Like everything else this fastidiousness can be overdone, and I remember once a boy's legal guardian showing me a bill for a hundred pounds sterling that his ward had incurred in a single term for cut flowers. Yet "form" is a part of the life of all English schools, and the boys think much more of it than sin. At Harrow you may not walk in the middle of the road as a freshman; and in American schools and universities, such regulations as the "Fence" laws at Yale show that they have emulated and even surpassed us in these. It was, however, a very potent influence, and we were always ridiculously sensitive about breaches of it. Thus, on a certain prize day my friend "Mad G.," having singularly distinguished himself in his studies, his parents came all the way from their home, at great expense to themselves, to see their beloved and only son honoured. I presume that, though wild horses would not drag anything out of the boy at school, he had communicated to them the details of some little service rendered. For to my horror I was stopped by his mother, whom I subsequently learned to love and honour above most people, and actually kissed while walking in the open quad—strutting like a peacock, I suppose, for I remember feeling as if the bottom had suddenly fallen out of the earth. The sequel, however, was an invitation to visit their home in North Wales for the Christmas holidays, where there was rough shooting,—the only kind I really cared for,—boating, rock-climbing, bathing, and the companionship of as lively a family as it was possible to meet anywhere. Many a holiday afterwards we shared together, and the kindness showered upon me I shall never be able to forget, or, alas, return; for my dear friend "Mad G." has long ago gone to his rest, and so have both his parents, whom I loved almost as my own.

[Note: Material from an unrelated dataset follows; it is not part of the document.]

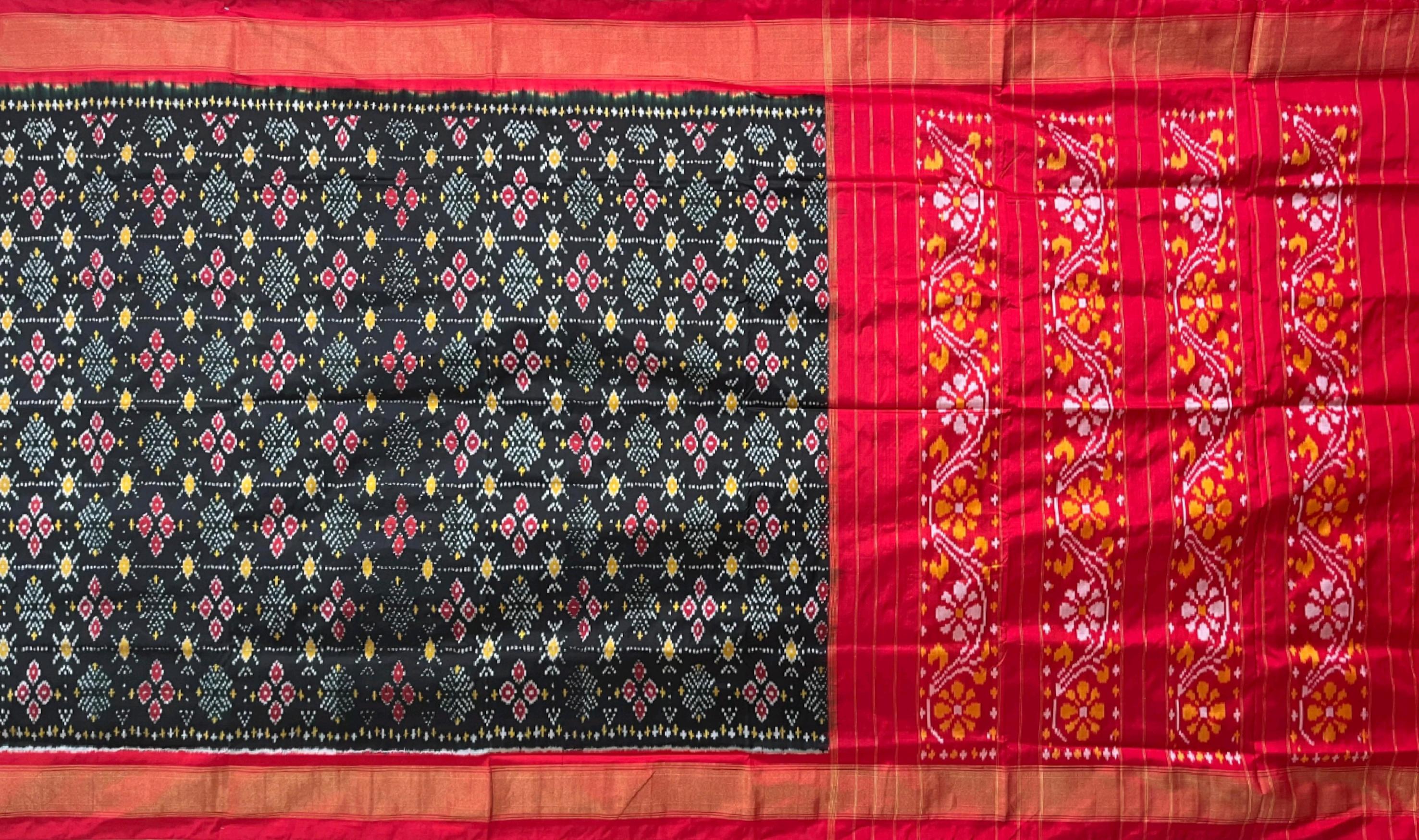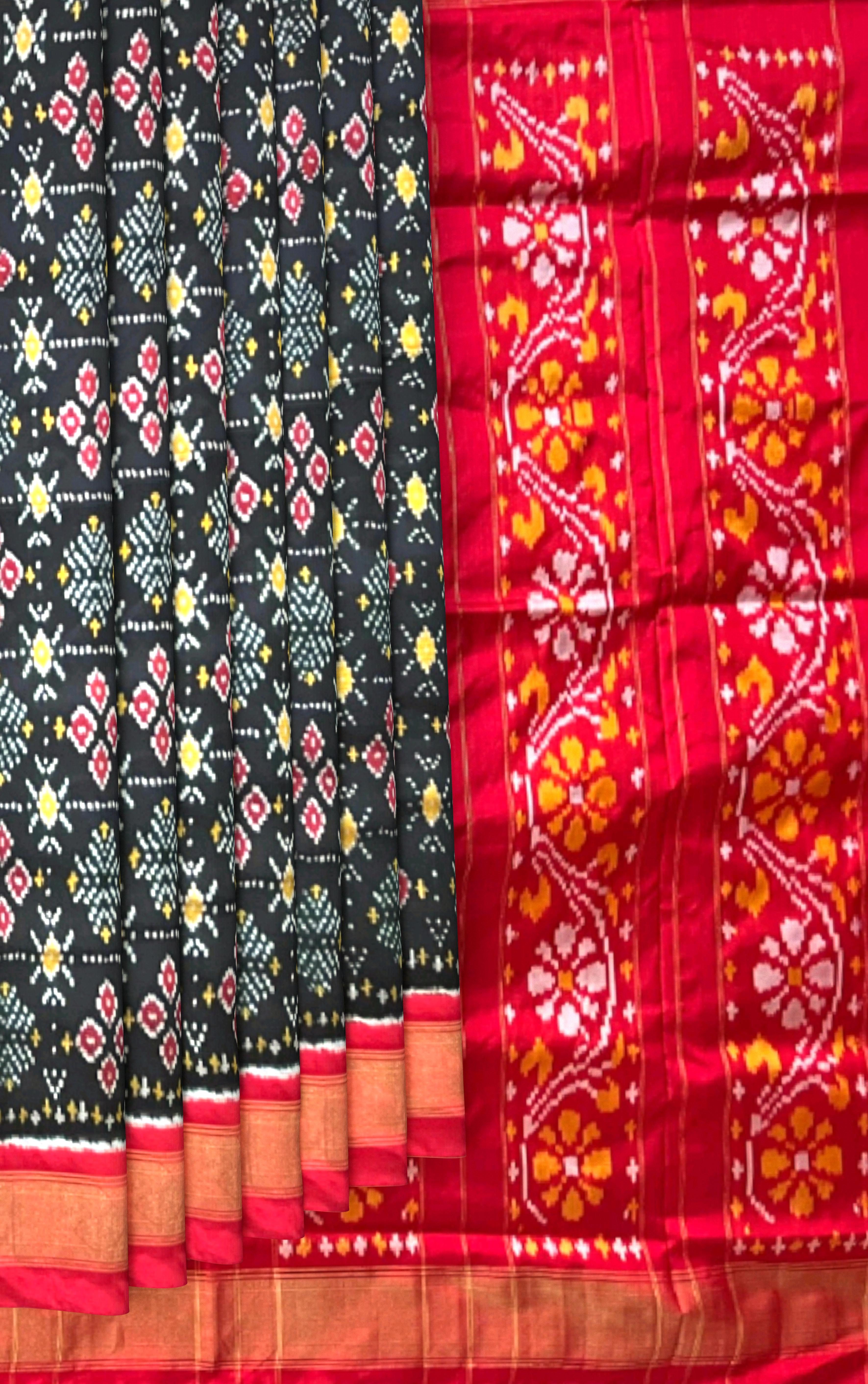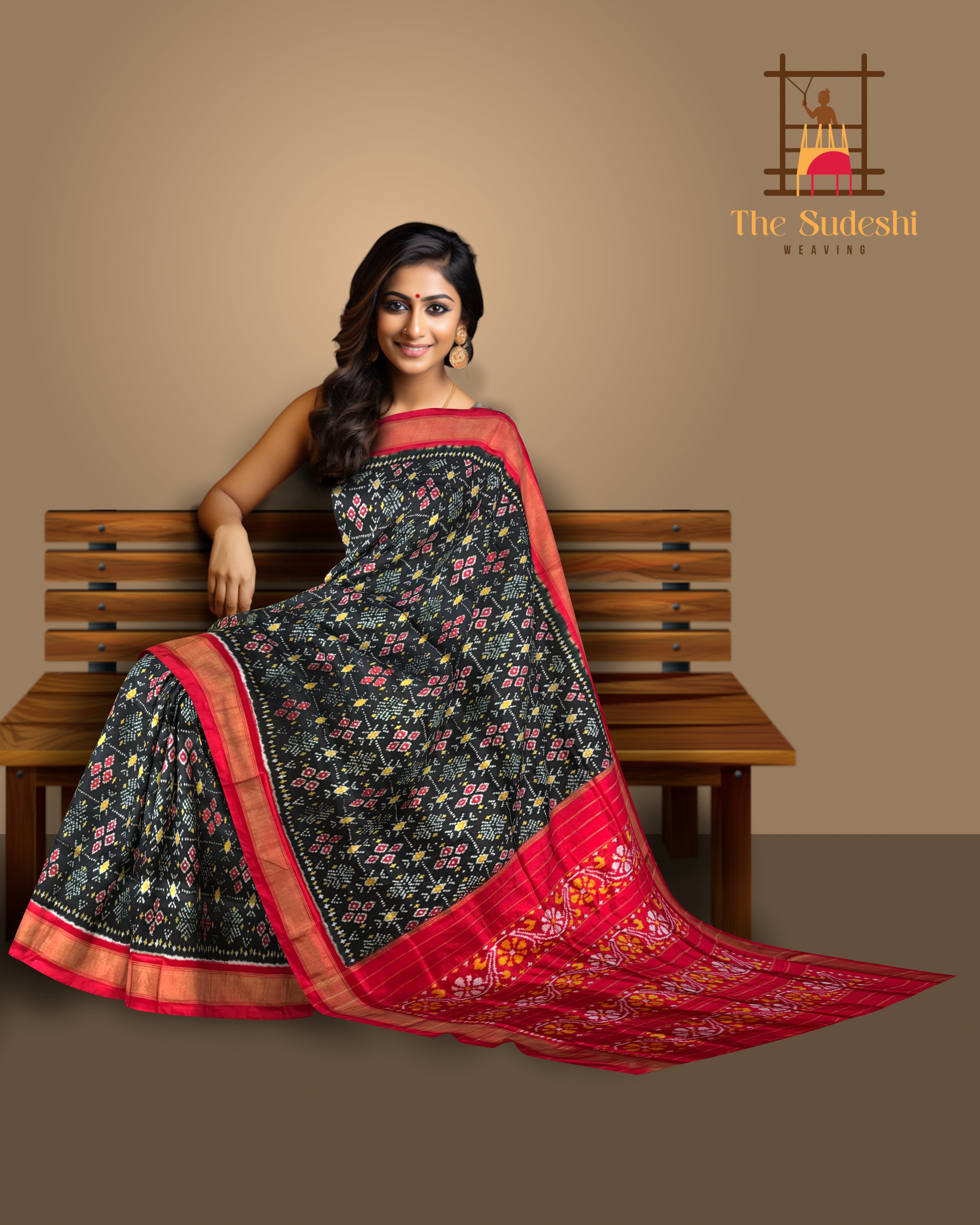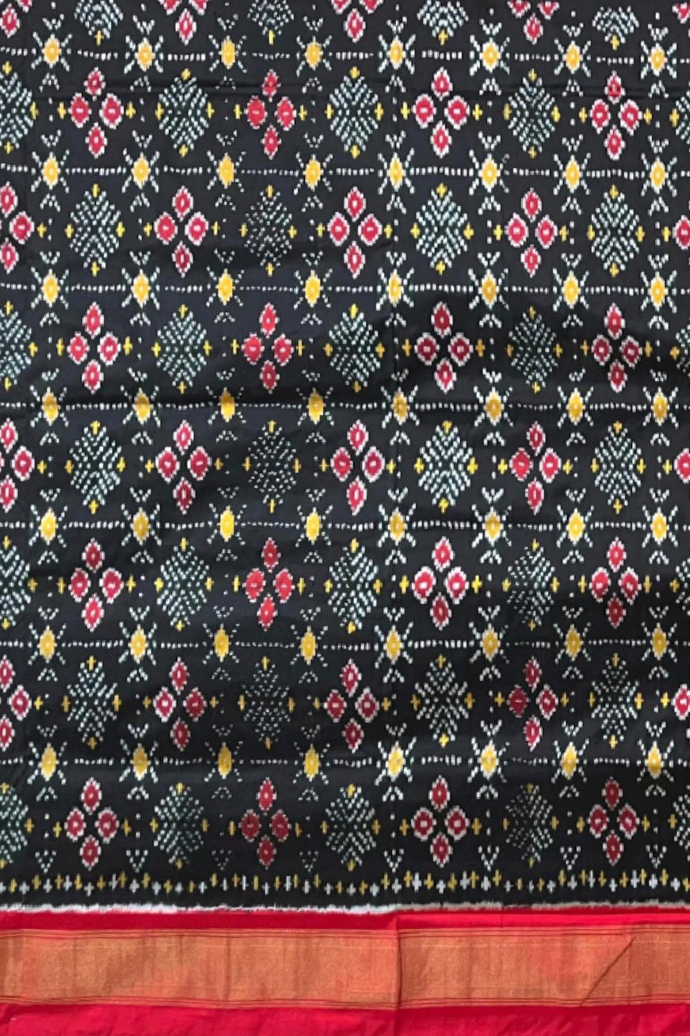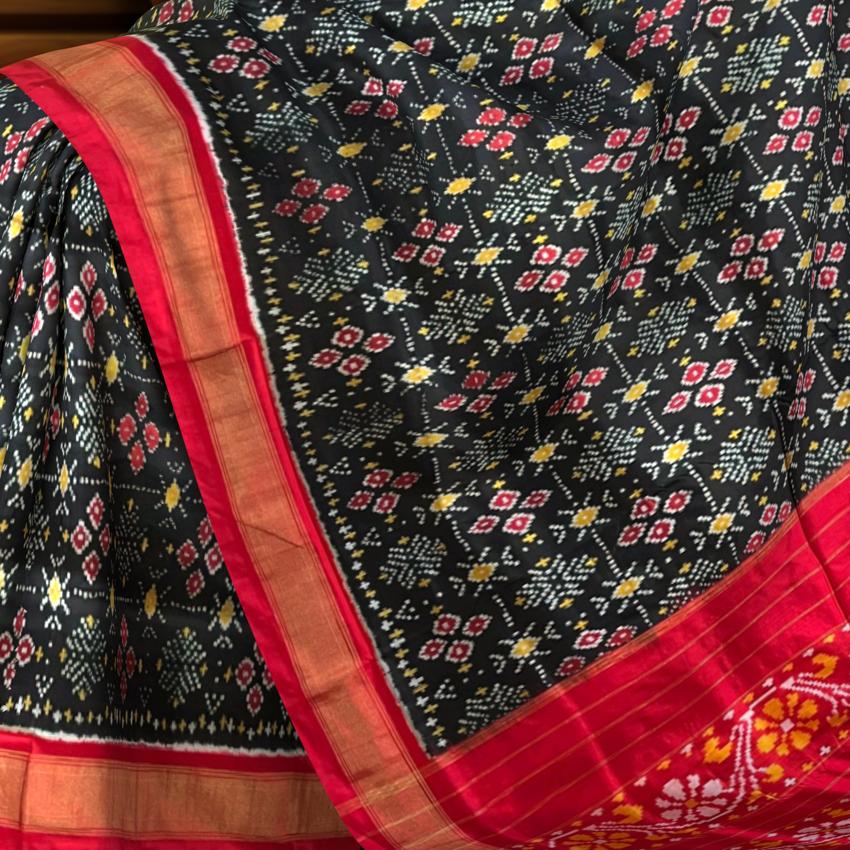 Bold and effortlessly elegant, the Black Pochampally Ikat Saree with a rich red border and pallu is a timeless classic. The deep black body contrasts sharply with the bright red accents, creating a stunning visual appeal. The subtle ikat patterns woven into the fabric further enhance its traditional charm while maintaining modern sophistication. This exquisite saree is a product of Pochampally, Telangana, renowned for its double ikat weaving technique. The precision in dyeing and weaving each thread creates symmetrical designs that often symbolize protection, prosperity, and cultural pride. Black symbolizes power and grace, while red conveys festivity and passion — a combination that's perfect for making a bold statement. Ideal for weddings, receptions, and evening events, this saree pairs beautifully with a red or gold blouse. Complete your look with antique gold jewelry, a bold red lip, and sleek accessories for a striking ensemble. Note: The appearance of the product’s colors may vary due to lighting conditions or your device’s screen calibration. For further assistance or additional images/videos, feel free to contact us at +91 97897 60367 / +1 (945) 308-5962 or email at wecare@thesudeshiweaving.com.

Another thing for which I have much to thank my parents is the interest which they encouraged me to take in the collecting and study of natural objects. We were taught that the only excuse that made the taking of animal life honourable was for some useful purpose, like food or study or self-preservation. Several cases of birds stuffed and set up when we were fourteen and sixteen years of age still adorn the old house. Every bit had to be done by ourselves, my brother making the cases, and I the rock work and taxidermy. The hammering-up of sandstone and granite; to cover the glue-soaked brown paper that we moulded into rocks, satisfied my keenest instinct for making messes, and only the patience of the old-time domestics would have "stood for it." My brother specialized in birds' eggs, and I in butterflies and moths. Later we added seaweeds, shells, and flowers. Some of our collections have been dissipated; and though we have not a really scientific acquaintance with either of these kingdoms, we acquired a "hail-fellow-well-met" familiarity with all of them, which has enlivened many a day in many parts of the world as we have journeyed through life. Moreover, though purchased pictures have other values, the old cases set on the walls of one's den bring back memories that are the joy and solace of many idle moments later in life—each rarer egg, each extra butterfly picturing some day or place of keen triumph, otherwise long since forgotten. Here, for instance, is a convolvulus hawk father found killed on a mountain in Switzerland; there an Apollo I caught in the Pyrenees; here a "red burnet" with "five eyes" captured as we raced through the bracken on Clifton Downs; and there are "purple emperors" wired down to "meat" baits on the Surrey Downs.
Many a night at school have I stolen into the great forest, my butterfly net under my coat, to try and add a new specimen to my hoard. We were always supplied with good "key-books," so that we should be able to identify our specimens, and also to search for others more intelligently. One value of my own specialty was that for the moths it demanded going out in the night, and the thrills of out of doors in the beautiful summer evenings, when others were "fugging" in the house or had gone to bed, used actually to make me dance around on the grass. The dark lantern, the sugaring of the tree stems with intoxicating potions, and the subsequent excitement of searching for specimens, fascinated me utterly. Our breeding from the egg, through the caterpillar stage, taught us many things without our knowing that we were learning.
One of our holidays was memorable, because as soon as our parents left we invited my friend and two sisters as well to come and stay with us. They came, fully expecting that mother had asked them, but were good enough sports to stay when they found it was only us two boys. They greatly added to the enjoyment of the days, and if they had not been such inveterate home letter-writers—a habit of which we were very contemptuous—it would have saved us boys much good-humoured teasing afterwards, for the matron would have been mum and no one the wiser.